With the presumed diagnosis of chronic parotitis, oral methylprednisolone was prescribed at 30 mg/day for three weeks along with conventional measures such as hydration and glandular massage. Due to poor response to medication, a total parotidectomy preserving the facial nerve was performed to remove the lesion and establish the diagnosis. The histological examination described a consistent morphologic appearance of diffuse IgG4-RS in combination with a poorly differentiated multifocal ductal carcinoma (pT2N0Mx, stage II) with perineural invasion and without vascular or lymphatic invasion (Figure 2). The immunohistochemical study identified abundant IgG4 plasma cells (more than 10 cells per high-power field with an IgG4/IgG ratio greater than 40%) and an obliterative phlebitis image due to lymphoplasmacytic infiltration of the venule walls. Subsequent serological examination, including IgG subtypes, was normal. There were no systemic manifestations on the whole-body 18F-FDG PET/CT. In accordance with the above, the diagnosis of IgG4-RS synchronous to infiltrating ductal carcinoma of the parotid gland was suggested. The postoperative course was uneventful except for a temporary facial paresis (grade III according to the House-Brackmann classification system) that resolved completely within 5 months. Adjuvant radiotherapy with a total dose of 67.5 Gy on the tumoral bed and 54 Gy on levels I-II-III of the neck in 5 weekly fractions for 6 consecutive weeks was recommended by the multidisciplinary head and neck tumour board of our institution. The patient showed good tolerance, without the need for interruption. At 24 months of follow-up, the patient was doing well with no recurrence or evidence of systemic involvement.
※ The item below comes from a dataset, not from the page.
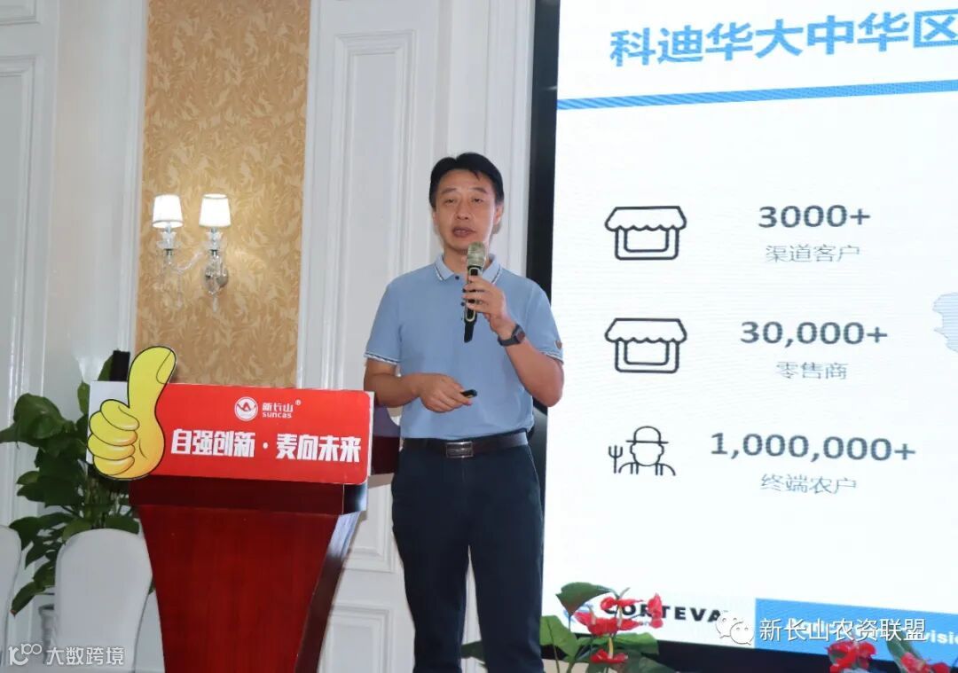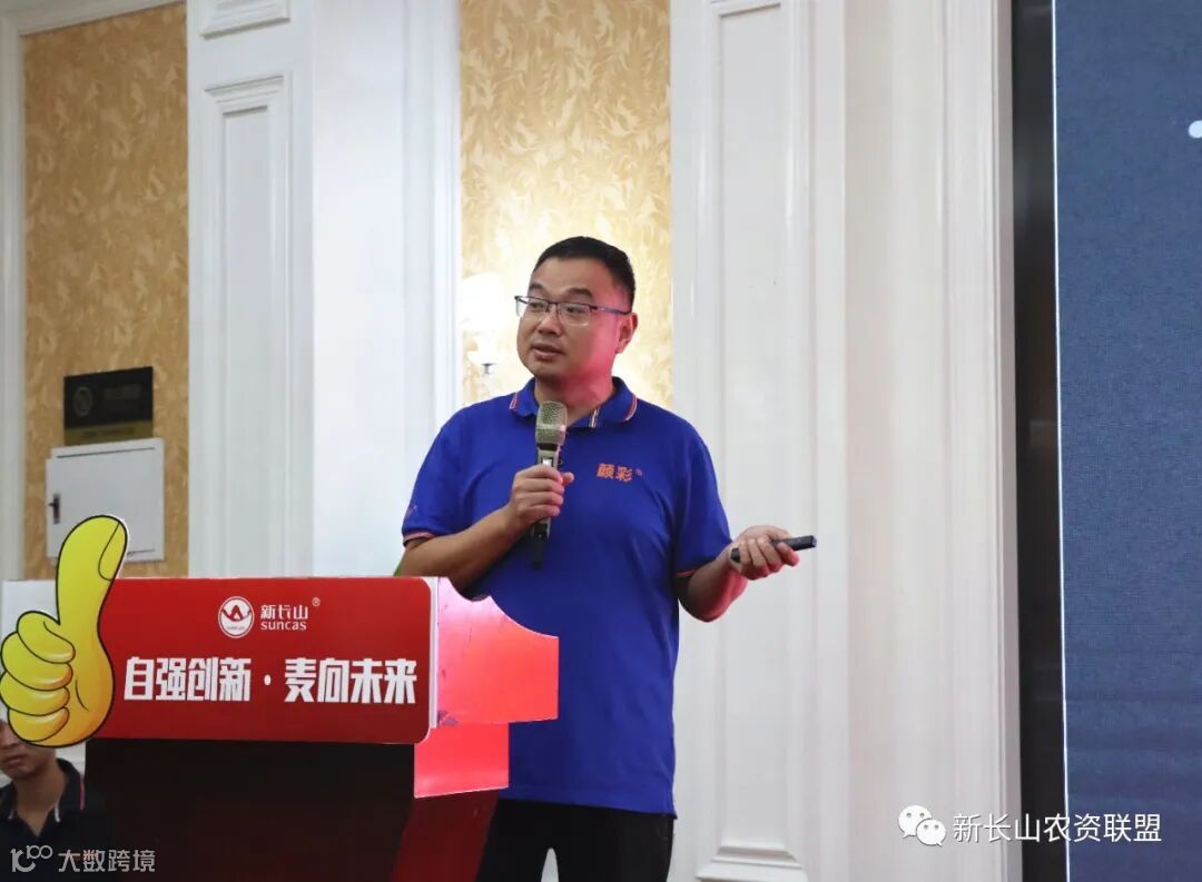 新长山中区总监李安飞先生,就“新长山现状及未来发展”做了简单汇报。李总监提出,2021年在抗性钻卷爆发、原材料暴涨、农产品价格低、新冠的不确定性影响下,新长山实现连续三年大幅增长,这一切归功于合作伙伴的大力支持。未来新长山也将持续坚持以产品差异化和创新应用技术服务为核心,聚焦核心作物及核心市场,深入加强和外企合作,快速完成全国布局,努力成为全国前十的农药企业。

Figure 2 Histopathological examination. (A) Parotid gland with totally distorted architecture with disappearance of serous acini due to predominantly severe periductal fibrosis (arrow) and associated inflammatory process. Some germinal centers are shown (arrowhead) (hematoxylin-eosin, 40×). (B) Inflammatory infiltrate with plasma cells predominance (arrow) (hematoxylin-eosin, 400×). (C) Immunohistochemical study showing abundant IgG4 plasma cells (more than 10 cells per high-power field with IgG4/IgG ratio greater than 40%) (IgG4, 400×). (D) Image of obliterative phlebitis due to lymphoplasmacytic infiltration of venules walls that obliterates the lumen of the vessel (arrow) (hematoxylin-eosin, 100×). (E) ERG immunohistochemical expression confirmed obliterative phlebitis (ERG, 100×). (F) Multifocally, a ductal carcinoma composed of a small tumor nest with cells with atypia and evident nucleolus is observed (hematoxylin-eosin, 200×). IgG4, immunoglobulin G4; ERG, erythroblast-transformation-specific related gene.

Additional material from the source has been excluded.